Aug 04 23:53:21 example1 systemd[1]: nomad.service: Consumed 29ms CPU time, received 80B IP traffic, sent 120B IP traffic.
Aug 04 23:53:24 example1 systemd[1]: nomad.service: Scheduled restart job, restart counter is at 63.
Aug 04 23:53:24 example1 systemd[1]: Stopped Nomad.

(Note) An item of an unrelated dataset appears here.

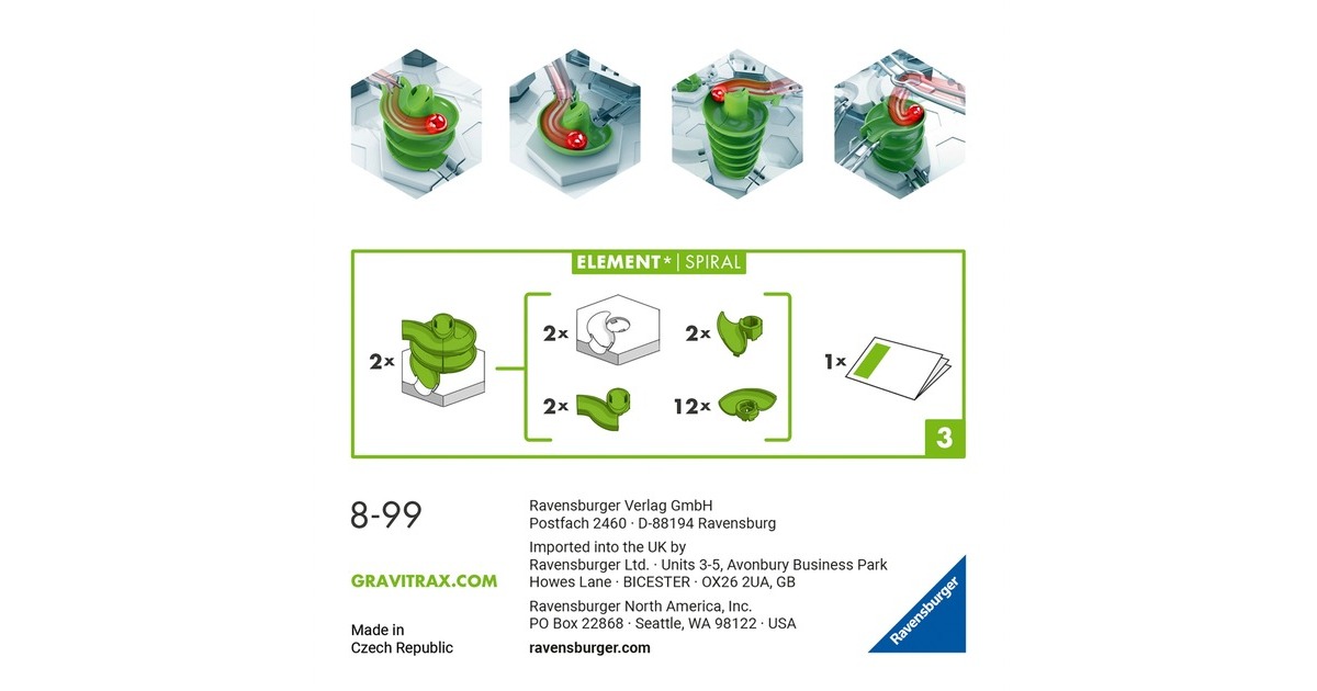 GraviTrax - das innovative Baukastensystem für anspruchsvolle Kugelbahnen. Aus einer Vielzahl an verschiedenen Bausteinen und Schienen lassen sich bei geschickter Nutzung der physikalischen Gesetze aktionsreiche Streckenverläufe planen, ausprobieren und realisieren. Mit den zahlreichen Erweiterungs-Sets wird das freie Bauen und Konstruieren des innovativen Bausystems GraviTrax jedes Mal aufs Neue noch interessanter und spannender! Mehr Möglichkeiten - mehr Spaß! Mit dem Element Spiral können Kugeln besonders große Höhen überwinden. Die Spirale kann in der Höhe individuell zusammengebaut werden und damit perfekt an eine Bahn angepasst werden. Dieses Element bringt, wenn es mit einem Starter-Set kombiniert oder in eine bereits aufgebaute GraviTrax-Welt integriert wird, ganz neuen Schwung und viele neue Möglichkeiten.Art.-Nr.: 1913147

Aug 04 23:53:24 example1 systemd[1]: nomad.service: Consumed 29ms CPU time, received 80B IP traffic, sent 120B IP traffic.
Aug 04 23:53:24 example1 systemd[1]: Started Nomad.
Aug 04 23:53:24 example1 systemd[1]: Stopped skyflake-install-cache-gc.service.
Aug 04 23:53:24 example1 systemd[1]: skyflake-install-cache-gc.service: Consumed 22ms CPU time, received 40B IP traffic, sent 60B IP traffic.
Aug 04 23:53:24 example1 systemd[1]: Started skyflake-install-cache-gc.service.
Aug 04 23:53:24 example1 nomad[2935]: ==> WARNING: Number of bootstrap servers should ideally be set to an odd number.
Aug 04 23:53:24 example1 nomad[2935]: ==> Loaded configuration from /etc/nomad.json
Aug 04 23:53:24 example1 nomad[2935]: ==> Starting Nomad agent...
Aug 04 23:53:24 example1 skyflake-install-cache-gc-start[2941]: Error submitting job: Put "http://127.0.0.1:4646/v1/jobs": dial tcp 127.0.0.1:4646: connect: connection refused
Aug 04 23:53:24 example1 systemd[1]: skyflake-install-cache-gc.service: Main process exited, code=exited, status=1/FAILURE
Aug 04 23:53:24 example1 systemd[1]: skyflake-install-cache-gc.service: Failed with result 'exit-code'.
Aug 04 23:53:24 example1 systemd[1]: skyflake-install-cache-gc.service: Consumed 17ms CPU time, received 40B IP traffic, sent 60B IP traffic.
I suspect it may be due to having virbr0
set up by libvirtd
or podman
or something? I'm still trying to figure it out.
Could you please share your skyflake.nomad
config?
It's just the one in example-server.nix
:
nomad = {
servers = [ "example1" "example2" "example3" ];
client.meta = {
example-deployment = "yes";
};
};
The example vms use the fec0::/64
range which is dropped by NixOS 23.05's neat nixos-fw-rpfilter feature.
Quick and dirty workaround: ip6tables -t mangle -F PREROUTING
on the host
Also, /dev/vdc has become /dev/vdb
None of the
ceph-mds
daemons manage to successfully start, and so no ceph filesystems can be mounted.